The baseline characteristics of the study participants are listed in Table 1. The mean (SD) age was 37.0 (15.7) years, 24% were current or former smokers, and 28% of women were post-menopausal. Overall, 73% of women reported at least one episode of weight cycling. Compared to women without a HWC, those who reported at least one HWC had a higher BMI [mean (SD) 26.7 (6.1) kg/m2 vs. 23.8 (3.7) kg/m2; p < 0.01], larger waist circumference [36.1 (5.9) inches vs. 33.6 (3.8) inches; p < 0.01] and higher systolic blood pressure [118 (15) mmHg vs. 115 (12) mmHg; p < 0.01]. There were no other statistically significant differences in baseline characteristics between women with and without HWC.

Table 1

Descriptive Characteristics of the Study Participants in the Overall Sample and by History of Weight Cycling.

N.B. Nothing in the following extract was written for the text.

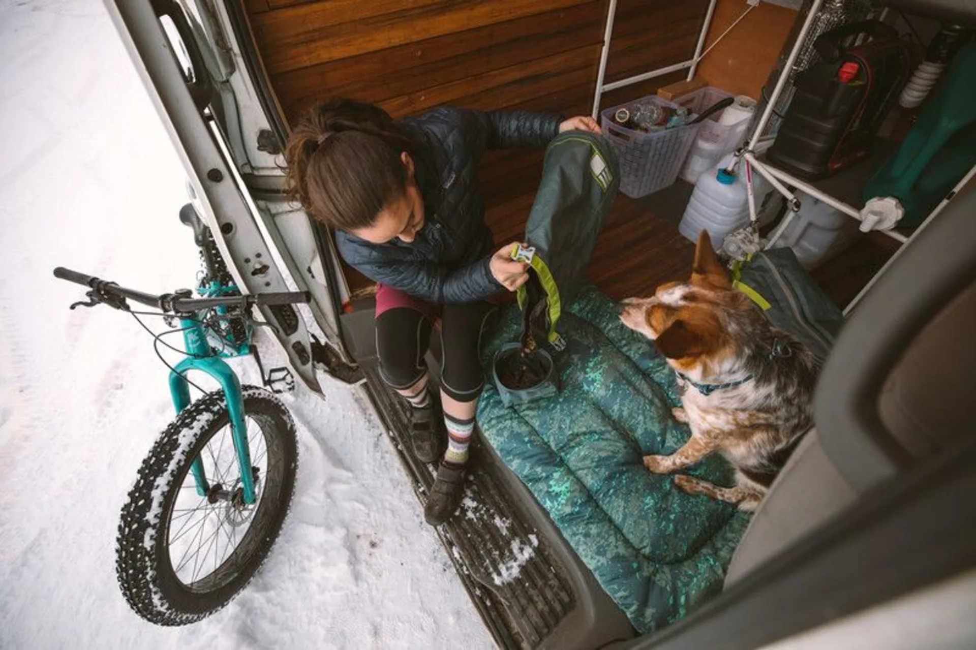 Ein vielseitiger und praktischer Ruheplatz für Hunde, die sich vor, nach oder auf dem Weg zum nächsten Abenteuer niederlassen und ein Nickerchen machen wollen. Konstruiert als ein bequemer, leicht zu verstauender und leicht zu reinigender Schlafplatz.

Characteristics	Total (N = 485) % or Mean (SD)	History of Weight Cycling
		Present (n = 352) % or Mean (SD)	Absent (n = 133) % or Mean (SD)
Mean Age (years)	37.0 (15.7)	37.2 (15.6)	36.3 (16.0)
Race
White	57%	59%	51%
Black	20%	21%	16%
Asian	19%	15%	29%
Other	4%	5%	4%
Hispanic	28%	30%	23%
Married/Living with partner	30%	30%	29%
Have Health Insurance	76%	76%	75%
Postmenopausal	28%	28%	29%
History of Pregnancy	29%	30%	29%
Education: College and above	77%	78%	74%
Current/Former Smoker	24%	25%	20%
History of Chronic Disease*	61%	64%	55%
Diabetes	5%	5%	5%
Hypertension	31%	34%	25%
Hypercholesterolemia	21%	21%	21%
CVD†	5%	5%	5%
Mean BMI (kg/m2)	25.9 (5.7)	26.7 (6.1)	23.8 (3.7)
Normal	44%	44%	70%
Overweight	34%	34%	22%
Obese	22%	22%	8%
Weight Cycling Episodes	2.1 (2.6)
Mean Waist Circumference (inches)	35.4 (5.5)	36.1 (5.9)	33.6 (3.8)
Mean Systolic Blood Pressure (mm Hg)	117 (14.3)	118 (15.1)	115 (11.9)
Mean Diastolic Blood Pressure (mm Hg)	73 (10.8)	73 (11.2)	72 (9.6)
Mean Total Cholesterol (mg/dL)	182.0 (36.4)	181.9 (37.8)	182.4 (32.6)
Mean HDL Cholesterol (mg/dL)	61.2 (15.7)	60.6 (15.6)	62.7 (16.0)
Mean LDL Cholesterol (mg/dL)	104.6 (32.1)	105.1 (33.5)	103.2 (28.2)
Mean Triglycerides (mg/dL)	81.2 (40.8)	80.6 (40.2)	83.0 (42.6)
Mean Fasting Glucose (mg/dL)	88.7 (17.2)	89.0 (18.5)	88.2 (13.2)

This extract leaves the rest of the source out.